>>

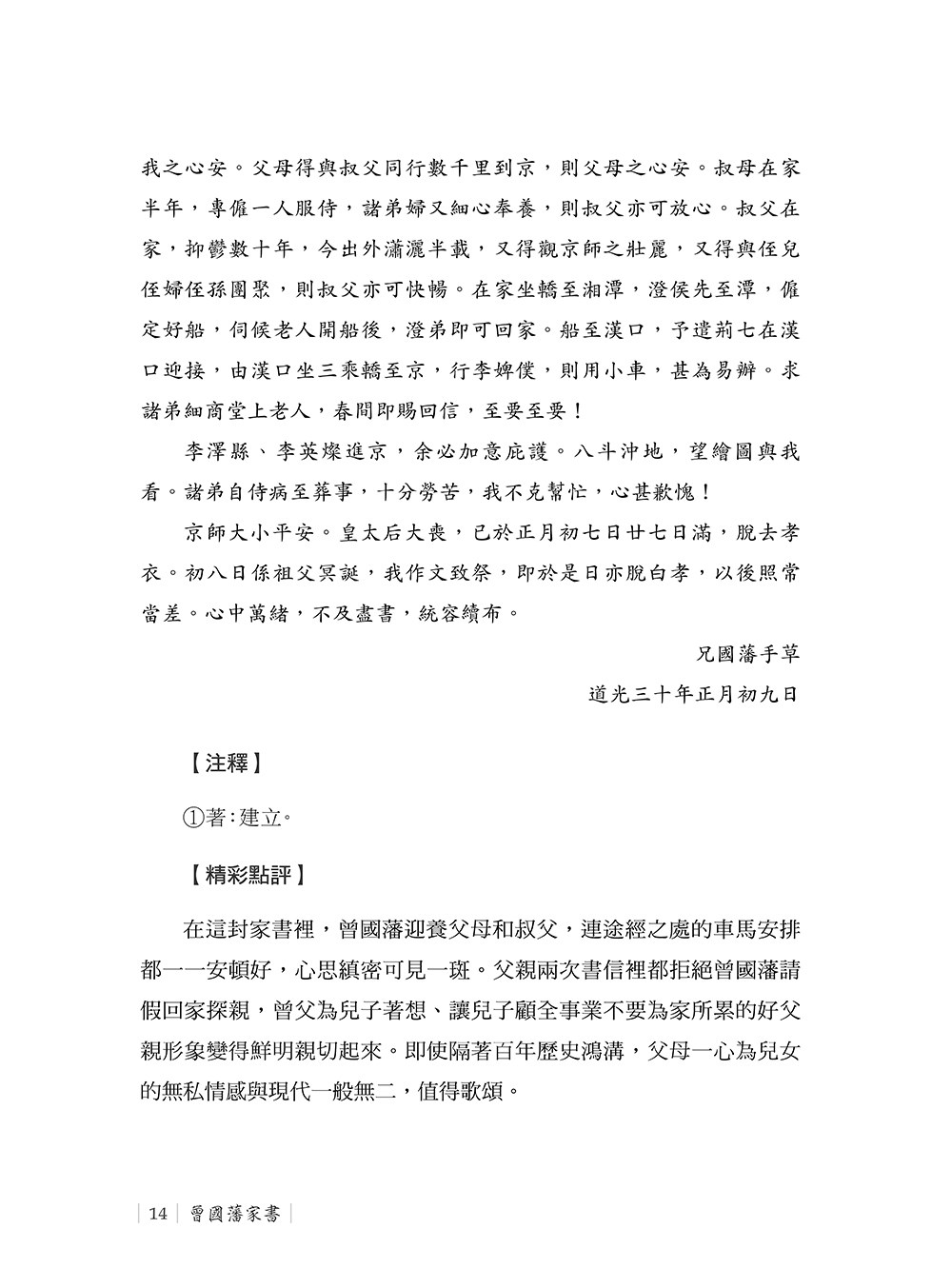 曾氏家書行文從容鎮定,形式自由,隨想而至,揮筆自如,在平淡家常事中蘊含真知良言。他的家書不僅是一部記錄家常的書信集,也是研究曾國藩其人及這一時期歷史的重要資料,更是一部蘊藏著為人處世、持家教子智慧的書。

<<
>>

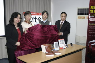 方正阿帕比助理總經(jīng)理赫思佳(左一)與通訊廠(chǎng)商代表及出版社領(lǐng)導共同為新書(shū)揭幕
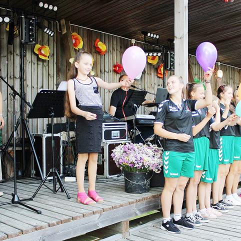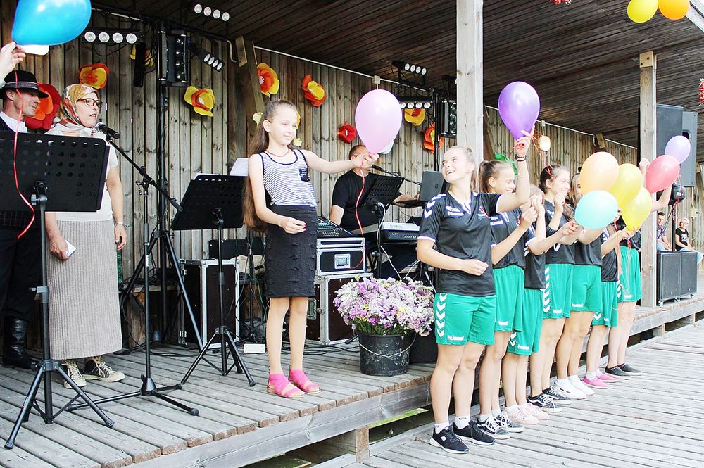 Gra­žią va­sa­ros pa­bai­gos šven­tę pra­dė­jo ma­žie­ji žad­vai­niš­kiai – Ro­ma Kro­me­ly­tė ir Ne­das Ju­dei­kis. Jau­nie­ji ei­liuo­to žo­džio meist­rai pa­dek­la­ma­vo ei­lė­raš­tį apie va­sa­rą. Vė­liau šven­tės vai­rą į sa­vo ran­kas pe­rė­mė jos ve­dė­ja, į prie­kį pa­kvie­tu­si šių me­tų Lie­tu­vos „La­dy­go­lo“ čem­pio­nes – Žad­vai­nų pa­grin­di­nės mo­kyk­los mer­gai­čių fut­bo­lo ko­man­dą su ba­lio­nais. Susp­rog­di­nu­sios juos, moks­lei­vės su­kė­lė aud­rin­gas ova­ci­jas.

<<

Task statement
Quote the data above exactly from the line with "方正阿帕比助理總經(jīng" to the line with "Gra­žią va­sa­ros pa­bai­gos", both ends counted, and nothing else. Pictures don't go in.

Finished task
 方正阿帕比助理總經(jīng)理赫思佳(左一)與通訊廠(chǎng)商代表及出版社領(lǐng)導共同為新書(shū)揭幕
 Gra­žią va­sa­ros pa­bai­gos šven­tę pra­dė­jo ma­žie­ji žad­vai­niš­kiai – Ro­ma Kro­me­ly­tė ir Ne­das Ju­dei­kis. Jau­nie­ji ei­liuo­to žo­džio meist­rai pa­dek­la­ma­vo ei­lė­raš­tį apie va­sa­rą. Vė­liau šven­tės vai­rą į sa­vo ran­kas pe­rė­mė jos ve­dė­ja, į prie­kį pa­kvie­tu­si šių me­tų Lie­tu­vos „La­dy­go­lo“ čem­pio­nes – Žad­vai­nų pa­grin­di­nės mo­kyk­los mer­gai­čių fut­bo­lo ko­man­dą su ba­lio­nais. Susp­rog­di­nu­sios juos, moks­lei­vės su­kė­lė aud­rin­gas ova­ci­jas.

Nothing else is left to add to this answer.